All three women had been hospitalized. The Fremont County woman was hospitalized out of state and was known to have health conditions. The Johnson County woman was cared for in Wyoming, but it is unclear if she had health conditions making her risk to the virus more severe. The Albany County woman was a resident of a long-term care facility and had health conditions.

Sixty-one Wyoming residents have died after contracting COVID-19 since the pandemic began. Eleven coronavirus-related deaths have been announced so far this month by the Wyoming Department of Health.

Former FDA chief says more coronavirus cases are on the way. Veuer’s Elizabeth Keatinge has more.

The state has set new highs for COVID-19 hospitalizations eight times in the month of October and more than doubled the number of hospitalizations. Wyoming went from 32 hospitalized COVID-19 patients on Oct. 2 to 68 on Monday. Wyoming Medical Center, the state’s largest hospital, responded last week by opening its COVID surge unit.

October also marked the first time the state’s 10-day average of new confirmed cases exceeded 100 cases a day. In the first week of the month, the state was averaging about 105 cases.

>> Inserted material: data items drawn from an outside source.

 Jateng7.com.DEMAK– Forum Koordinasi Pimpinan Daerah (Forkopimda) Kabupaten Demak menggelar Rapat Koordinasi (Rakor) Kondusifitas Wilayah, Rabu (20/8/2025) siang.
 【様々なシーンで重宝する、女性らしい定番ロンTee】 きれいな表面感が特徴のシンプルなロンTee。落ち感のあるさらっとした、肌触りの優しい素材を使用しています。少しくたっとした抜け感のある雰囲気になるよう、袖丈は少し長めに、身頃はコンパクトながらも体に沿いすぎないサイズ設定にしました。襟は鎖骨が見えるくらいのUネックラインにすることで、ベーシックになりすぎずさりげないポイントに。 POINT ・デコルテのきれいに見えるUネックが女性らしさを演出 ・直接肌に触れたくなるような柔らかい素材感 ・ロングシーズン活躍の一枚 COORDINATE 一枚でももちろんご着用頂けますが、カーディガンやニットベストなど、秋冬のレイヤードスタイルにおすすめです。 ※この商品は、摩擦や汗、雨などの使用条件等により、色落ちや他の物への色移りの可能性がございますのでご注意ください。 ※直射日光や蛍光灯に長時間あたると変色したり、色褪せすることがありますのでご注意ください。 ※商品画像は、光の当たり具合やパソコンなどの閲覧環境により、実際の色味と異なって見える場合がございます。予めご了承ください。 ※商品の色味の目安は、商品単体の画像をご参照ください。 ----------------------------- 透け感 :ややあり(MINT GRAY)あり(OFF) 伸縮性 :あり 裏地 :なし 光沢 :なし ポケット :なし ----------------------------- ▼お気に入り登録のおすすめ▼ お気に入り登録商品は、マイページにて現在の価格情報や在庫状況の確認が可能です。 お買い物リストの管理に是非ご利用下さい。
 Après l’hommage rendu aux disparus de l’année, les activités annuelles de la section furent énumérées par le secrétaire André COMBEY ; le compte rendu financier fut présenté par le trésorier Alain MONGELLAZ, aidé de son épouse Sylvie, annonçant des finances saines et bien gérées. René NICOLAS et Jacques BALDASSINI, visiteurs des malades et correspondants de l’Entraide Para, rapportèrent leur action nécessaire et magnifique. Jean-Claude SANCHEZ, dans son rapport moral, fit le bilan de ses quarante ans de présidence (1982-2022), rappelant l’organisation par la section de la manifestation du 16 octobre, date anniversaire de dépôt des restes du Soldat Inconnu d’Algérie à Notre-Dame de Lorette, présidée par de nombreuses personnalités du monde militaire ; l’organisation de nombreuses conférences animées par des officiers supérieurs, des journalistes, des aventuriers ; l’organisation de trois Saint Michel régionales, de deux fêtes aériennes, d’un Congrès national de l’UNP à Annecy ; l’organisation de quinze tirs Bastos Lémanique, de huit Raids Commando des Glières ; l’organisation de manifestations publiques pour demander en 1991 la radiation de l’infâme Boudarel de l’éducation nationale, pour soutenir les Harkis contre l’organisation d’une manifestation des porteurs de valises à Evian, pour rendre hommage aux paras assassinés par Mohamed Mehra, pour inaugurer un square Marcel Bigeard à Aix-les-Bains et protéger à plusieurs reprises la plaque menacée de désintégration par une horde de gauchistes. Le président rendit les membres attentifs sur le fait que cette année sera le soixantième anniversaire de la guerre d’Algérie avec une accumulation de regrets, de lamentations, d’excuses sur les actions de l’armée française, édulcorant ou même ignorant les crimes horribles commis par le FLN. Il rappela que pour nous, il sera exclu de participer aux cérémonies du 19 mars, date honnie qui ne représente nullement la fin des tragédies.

That average is now above 162 new cases daily.

In early September, Wyoming cases began surging at a rate that dwarfed the previous spikes that had peaked in late July and late August. While those two spikes never resulted in an average of even 50 confirmed cases per day, several days in late September saw more than 100 new confirmed cases added. September also proved the most deadly month for COVID-19 infections in the state, with 13 patients dying from the virus during the month.

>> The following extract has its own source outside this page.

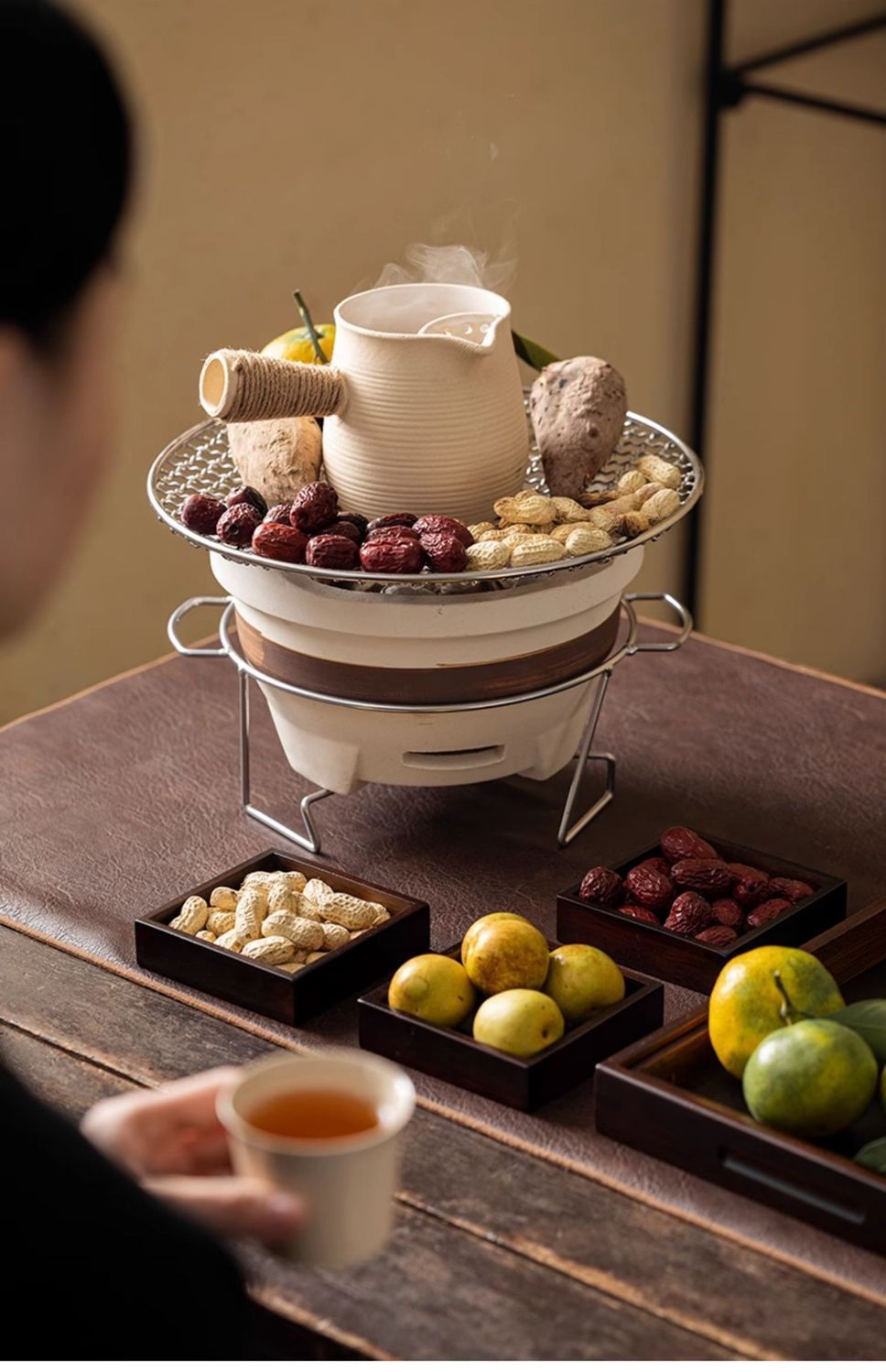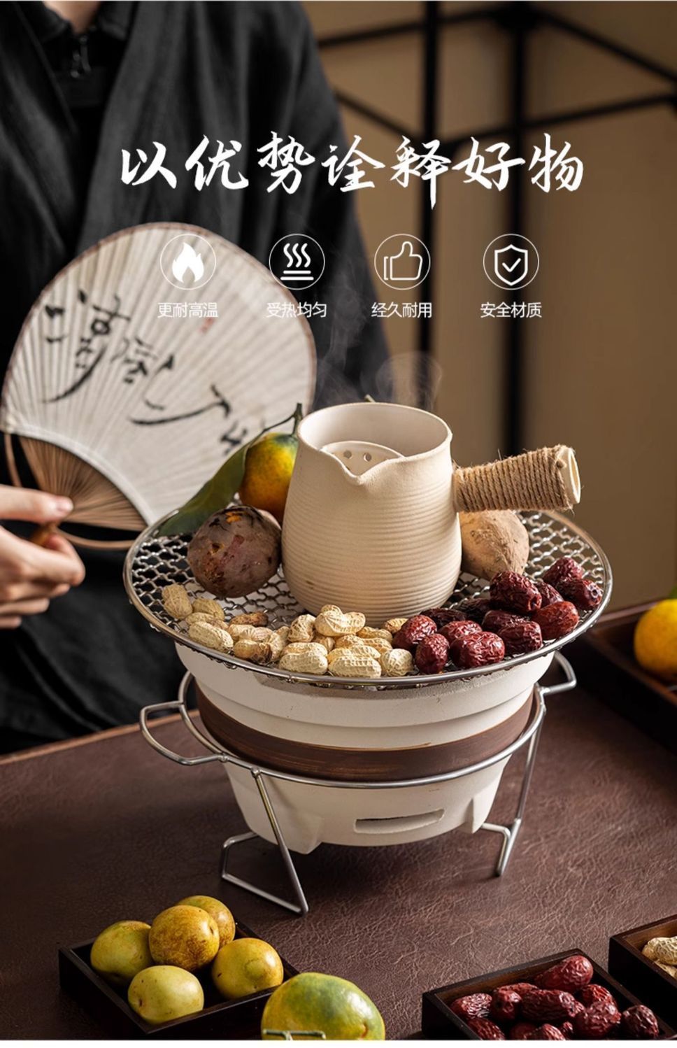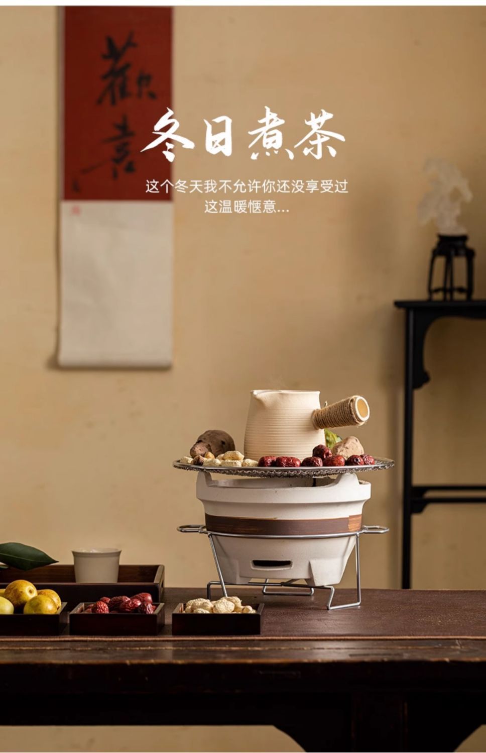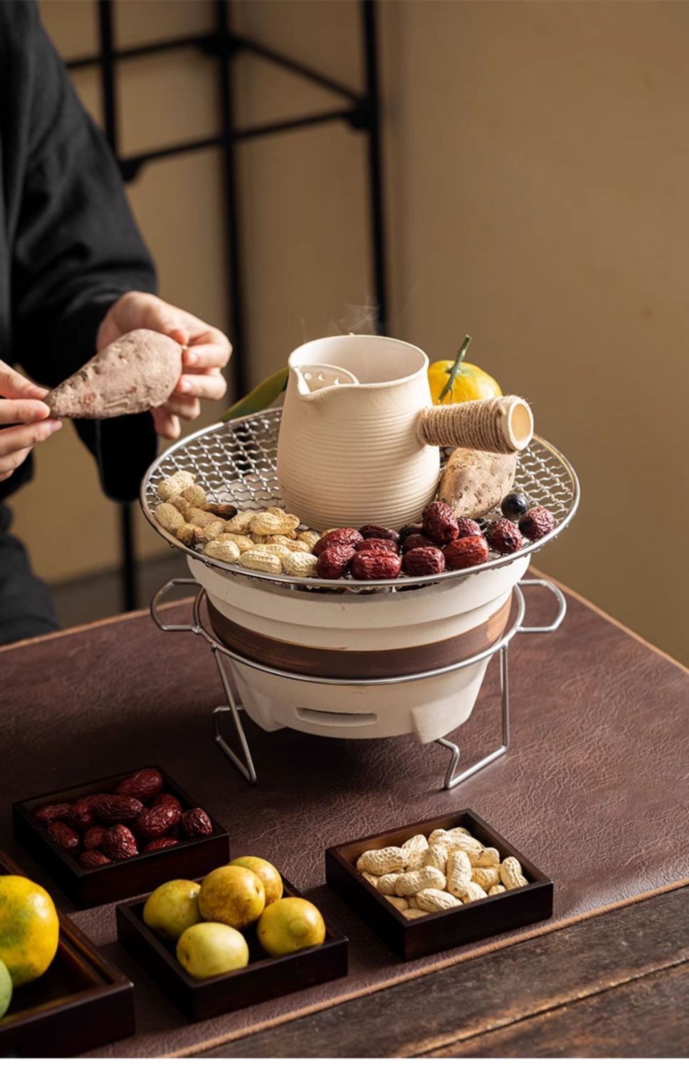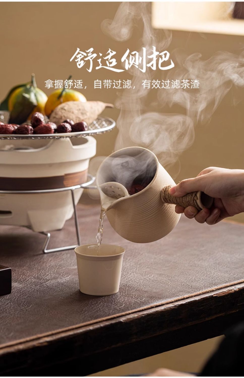 围炉煮茶烤奶茶罐罐茶家用室内中式烤炉陶壶侧把壶耐高温可干烧

State health officials had hoped to eliminate almost all coronavirus restrictions during the summer, but case increases prevented them from following through on that plan. While less restrictive than the initial health orders put in place in March, most of the amended health orders have been continually renewed, with a few exceptions. Most notably, the state loosened capacity restrictions on restaurants, even during the massive September spike, because there had not been evidence of virus outbreaks tied to indoor dining.

While Gov. Mark Gordon has said he is not considering a statewide face mask requirement, he has urged the state’s residents to wear them. He has repeatedly stressed the need for personal responsibility to protect both Wyoming’s wellness and its economy.

The symptoms of COVID-19 include cough, fever and shortness of breath. Symptoms appear within two weeks. Health officials recommend self-isolating for two weeks if you have contact with a person who has the illness.